The biggest obstacle between you and your new apartment is that you need to survive a few months without an income. In these months you’ll need to live off your savings. If $20,000 isn’t enough for get through the initial lack of income, you should find a job before moving out!

If you can find a job before moving out, the need for a additional savings disappears!

If you find a job before moving out, $20,000 will be more than enough to move out. If you’ve already landed the job, you’ll receive your first paycheck within a month, making the need for three/six months worth of savings unnecessary.

In fact, you technically only need one month’s worth of savings. This is risky though and should be done only when absolutely necessary.

Tighten your budget and find a cheaper place:

If your $20K nestegg isn’t enough, consider cutting your expenses.

Most people think about the “luxuries” like Netflix and Starbucks when cutting expenses, but I think that’s the wrong way to think about it.

The best way to cut down on spending is to START WITH THE BIG STUFF.

You’ll not cut your expenses significantly by canceling your Netflix subscription…

Small things make a small difference. Big things make a big difference.

Get a roomie – Share the rent!

This is a great way to cut down on expenses and make some new friends in the process.
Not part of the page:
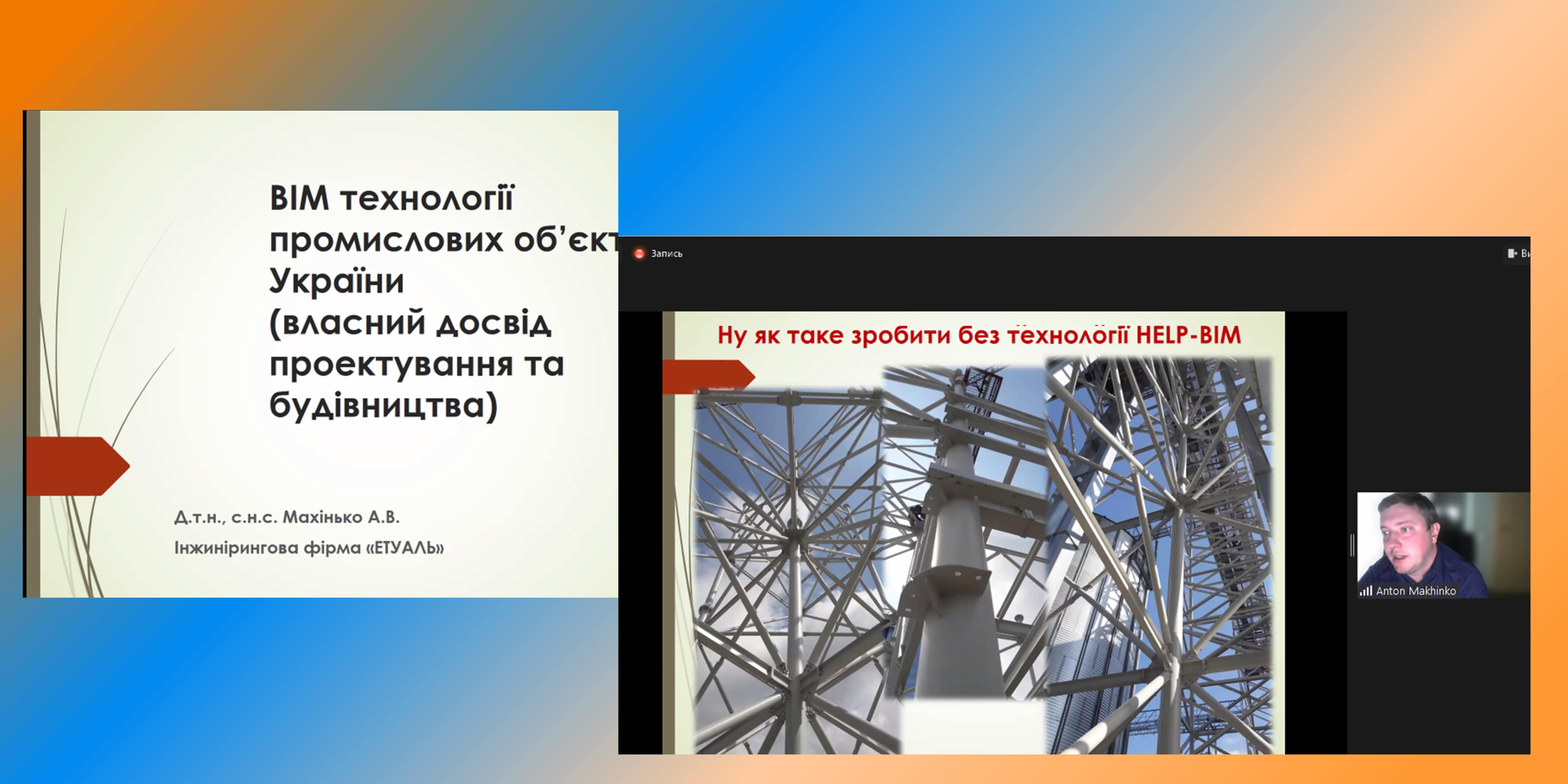 Тема виступу: «BIM технології промислових об’єктів України» (власний досвід проєктування та будівництва)». Слухачі змогли переконатися, що сучасні інформаційні та цифрові технології широко використовуються, як у повсякденному житті сучасної людини, так і в різних галузях промисловості, більше того, таке впровадження сьогодні є просто необхідним, так як відмова від сучасних технологій призводить до втрати конкурентних переваг цілих галузей в економіці країни.

You can check out websites like this one: https://roomiapp.com/ to find available places all over the United States to share the rent with people.
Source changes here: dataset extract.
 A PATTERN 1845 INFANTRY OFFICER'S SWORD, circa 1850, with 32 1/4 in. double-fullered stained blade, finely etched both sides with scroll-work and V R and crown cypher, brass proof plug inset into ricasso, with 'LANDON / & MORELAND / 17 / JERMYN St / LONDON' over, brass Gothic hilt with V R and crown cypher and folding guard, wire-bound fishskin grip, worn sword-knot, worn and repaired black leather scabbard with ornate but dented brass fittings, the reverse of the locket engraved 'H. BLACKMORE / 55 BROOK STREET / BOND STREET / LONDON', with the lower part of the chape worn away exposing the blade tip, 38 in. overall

This way, you might be able to move out with $20,000 in savings without worrying about money at all.

Protip For Out-Movers With $20,000 Saved Up:

When moving out, you step into “the real world”. That’s when you have to take responsibility for your personal finances like budgeting, saving and investing.

The fact that you’re researching and reading this article is great. It tells me that you’re seriously thinking things through!

I moved out several years ago, and have learned a lot since I first took the step. I’ve also moved a bunch of times, and have tried all kinds of different lifestyles (in terms of monthly expenses and incomes).

I’ve tried living like a rat, spending less than $1,000 a month sleeping on a couch. I’ve also lived off $3,000 a month for a little while, feeling like a king. The most important lesson I’ve learned is the following…

I already mentioned it above, but it’s so important that I’ll do it again… If I could only teach you one thing, this would be it:

Small things make a small difference. Big things make a big difference.

What do I mean by that?

The three biggest expenses you will have are housing, transportation and food. These are the items you need to be careful about budgeting.

At the end of the day, the little things like your Netflix subscription or the occasional Starbucks coffee don’t really matter.

I write more about this in my article about saving money despite having to pay expensive bills.

I personally went from living paycheck to paycheck to being able to save almost 80% of my initial income every month by focusing on the big stuff like housing and transportation.

Here’s what I did:

I sold my car, moved into a smaller apartment closer to work and started this website to increase my income.

I could walk/bike to work in my new location, eliminating the transportation expense. The rent was also much cheaper. The website increased my income by roughly 40% in one year. Simple as that I turned my finances upside-down, and started saving 80% of my initial income (income before the website started earning money).

I went from “there’s too much month at the end of the money!” to securing my finances with a comfortable nest egg equivalent to 12 months of expenses.

You’re in a position to make this decision from the get-go. Skip all the financial struggle – move to a cheap apartment close to your job, or get a job close to a cheap apartment. Also, you might consider starting a side hustle, like a small online business. The additional income is awesome!